Towards whole-brain electrophysiological readouts of the mammalian nervous system: injectable electromagnetic probes for MRI

Neuroscience 02:05 PM - 02:35 PM (America/Detroit) 2021/06/10 18:05:00 UTC - 2021/06/10 18:35:00 UTC
There is currently a surging effort to develop technologies for recording neural activity from the entire volume of the brain in parallel.
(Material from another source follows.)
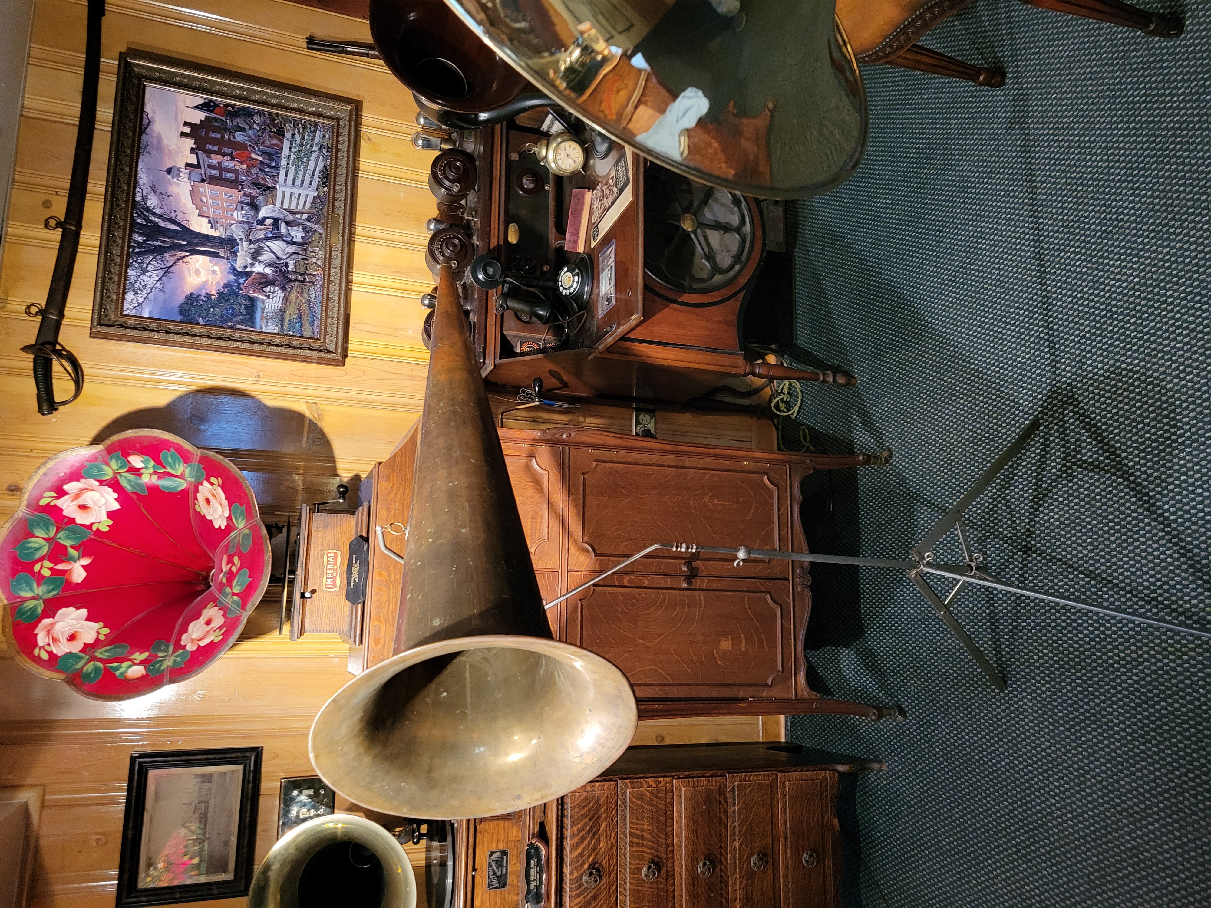 FOR SALE : PICK UP OR DELIVERY TO THE CHICAGO PHONOGRAPH SHOW IN SCHAUMBURG . 42 INCH , SEEMLESS BRASS HORN IN IT'S ORIGINAL UNPOLISHED STATE , PRISTINE CONDITION , WITH IT'S ORIGINAL FLOOR CRANE , PLATING IS PERFECT . $ 500.00

Whole-brain direct readouts of neural signals will be critical to understanding the elusive cross-regional communication grid underlying brain function and dysfunction. The goal of Dr. Hai's New Innovator Award is the development and application of a new form of brain imaging using electromagnetic circuits that can be deployed throughout the brain and provide parallel volumetric electrophysiological readouts of neural activity. The project relies on advances made by the principal investigator, demonstrating tetherless microelectronic neural interfaces that transduce neurophysiological events wirelessly to detectable magnetic field perturbations, that are monitored by magnetic resonance imaging (MRI). By combining the unique three-dimensional capabilities of MRI to obtain functional readouts from the entire volume of the brain, with electromagnetic probes-that can directly record electrophysiological neural activity in-situ and transmit its response to the MRI hardware-this project is aiming to transform the way we acquire brain signals. Dr Hai's group uses nanofabrication methods to pioneer cell-sized wireless probes, while employing existing state-of-the-art MRI-compatible microelectrode arrays in rodents for rigorous validation of new technologies and for decoupling electrophysiogical readouts from intrinsic fMRI blood-flow signals. The neuroelectronic MRI probes developed under the umbrella of this award will augment current brain recording capabilities, by presenting a different approach whereby minimally invasive devices are powered by the MRI scanner itself without bulky on-board power, and secondly, by interacting with the imaging scanner to transmit electrical neural activity to the detection hardware outside of the brain with no requirement for a tethered connection. The sensors will be used to directly detect electrical neural activity in three-dimensions and tracing the origins of brain physiology.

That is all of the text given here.